When dividing 156 ÷ 4 using long division, you divide 15 by 4 and get 3 with remainder 3. What is the correct next step?
AWrite 3 as the final remainder and stop
BBring down the 6 to make 36, then divide 36 ÷ 4
CStart the problem over with a different estimate
DDivide 3 ÷ 4 and record 0 in the quotient
After dividing and subtracting at the tens place, you bring down the next digit (6) to join the remainder (3), forming 36. Then ask how many times 4 goes into 36 (9 times). This is the 'bring down' step in the divide–multiply–subtract–bring down cycle.
Question 2 True / False
A remainder can be larger than the divisor.
TTrue
FFalse
Answer: False
If the remainder is larger than the divisor, the quotient digit is too small — at least one more group could have been taken out.
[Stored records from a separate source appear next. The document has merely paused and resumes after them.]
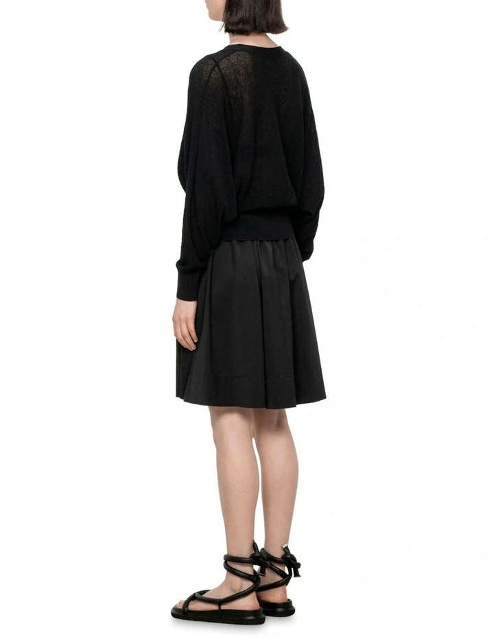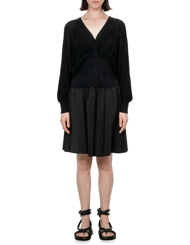 Crafted from our cotton nylon blend yarn, this knit offers a unique sheer crepe texture that will make summer dressing effortless. This cardigan features a loose blouson shape defined by batwing sleeves and a basque waist. Pair with relaxed trousers and strappy sandals for the perfect summer look.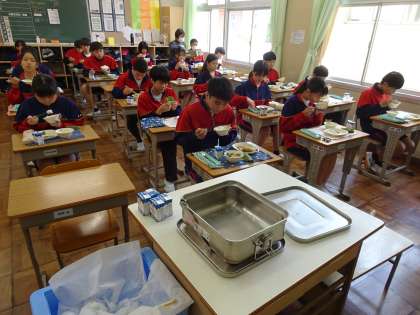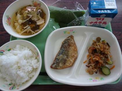 本日の給食は、牛乳、ご飯、若竹汁、あじの竜田揚げ、ふき入りちらし寿司、柏餅でした。柏餅、さすがの人気です。じゃんけんをしている学級が多かったです。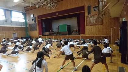 5年生の南中ソーランを披露し、背筋ピーン体操を一緒にしました。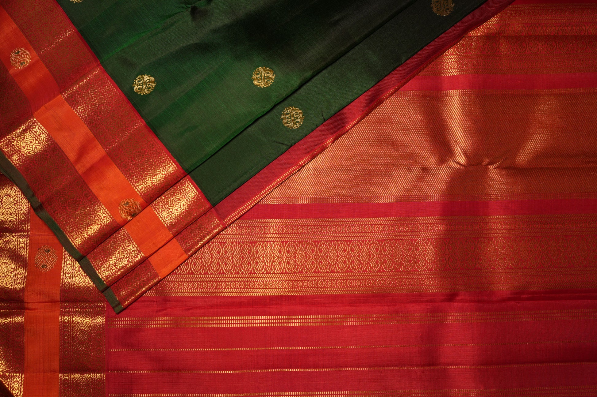 Emerald Green Kanjivaram Silk Saree with Gold Zari Buttas & Red Contrast Border
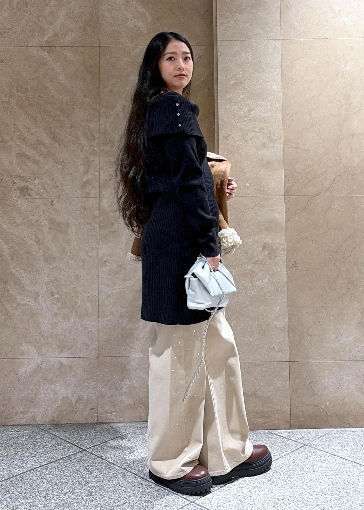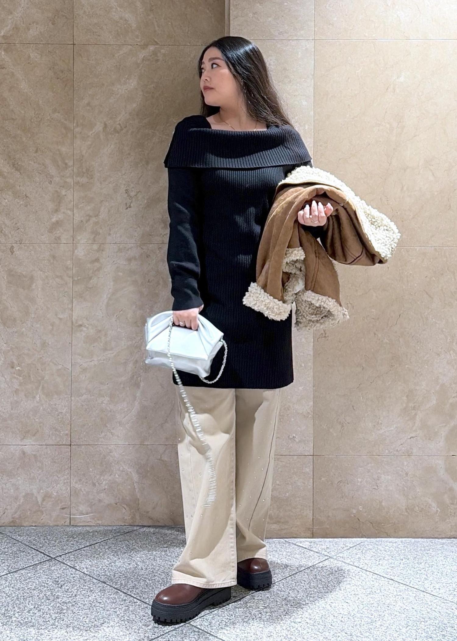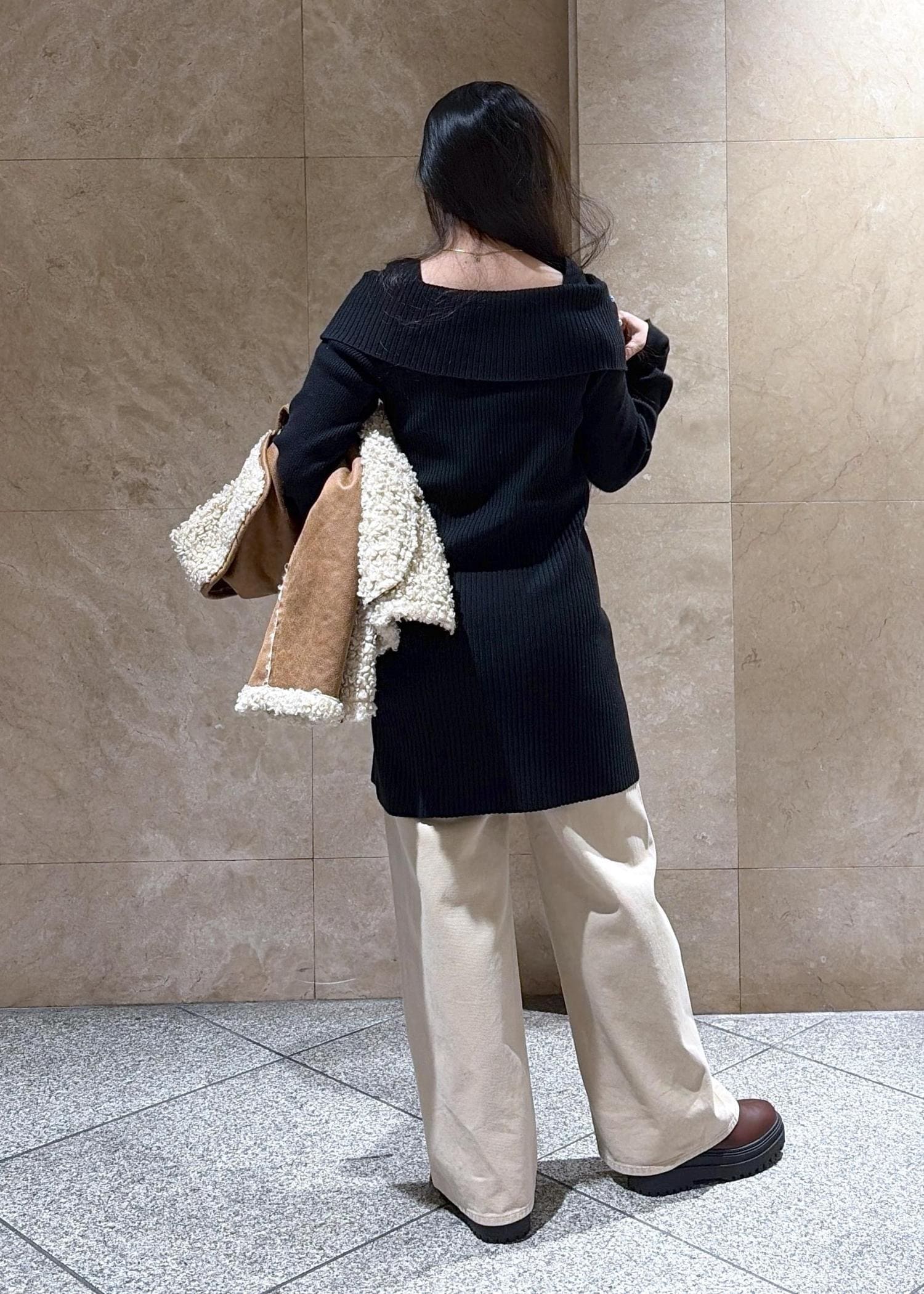 VISアシメオフショルリブニット美シルエットワンピース/着丈が選べるブラック / FS¥7,119レビューオフショルワンピがとっても形も綺麗で、1枚でサラッと着やすいので、オススメです◎

The remainder must always be less than the divisor; this is the check that confirms the quotient digit is correct.
Question 3 Short Answer
How can you verify that your long division answer is correct?
Think about your answer, then reveal below.
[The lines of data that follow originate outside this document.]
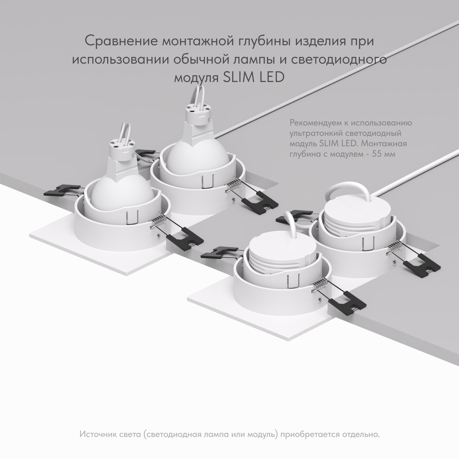 Серия встраиваемых поворотных светильников под сменную лампу из термостойкого полимера, обладающего низкой теплопроводностью. Отличительная особенность серии – рельефный рефлектор, в углублении которого располагается сменная светодиодная лампа. Серия насчитывает большое количество оригинальных цветовых сочетаний на любой вкус. Благодаря лампе, расположенной в углублении корпуса, существенно снижается слепящий эффект. Модель универсальна в своем применении. Светильники из полимера используются только со светодиодными источниками света. Лампа в комплект не входит. Для данной серии рекомендуем ультратонкие модули SLIM LED в качестве источника света, монтажная глубина всего 55 мм. При использовании светодиодной лампы с цоколем GU5.3 монтажная глубина изделия составит 78 мм. В данной серии также представлены накладные и точечные светильникиСветильник предназначен для использования со светодиодной лампой. Установка ламп другого типа не допускается
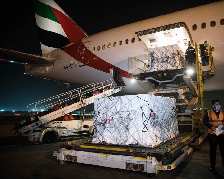 12月10日,在埃及開羅國際機場,工作人員運輸中國研制生產(chǎn)的新冠疫苗。新華社記者鄔惠我攝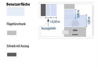 Die Anforderungen an Benutzerflächen sind nicht als spezifische Regeln in der allgemein formulierten ASR A1.2 enthalten. Im Sinne der ArbStättV sind sie bei der Planung von Büroarbeitsplätzen dennoch zu berücksichtigen. Für Flügeltürschränke und Regale sollten eine Benutzerfläche mit einer Mindesttiefe von 0,80 m berechnet werden, während bei Schränken mit Auszug zusätzlich zur Auszugstiefe ein Abstand von 0,50 m einkalkuliert werden sollte.

Model answer: Multiply the quotient by the divisor, then add the remainder. The result should equal the original dividend.
Division and multiplication are inverse operations. If 156 ÷ 4 = 39 with no remainder, then 39 × 4 must equal 156. With a remainder r, the check is: quotient × divisor + remainder = dividend. This catches both quotient errors and arithmetic slips.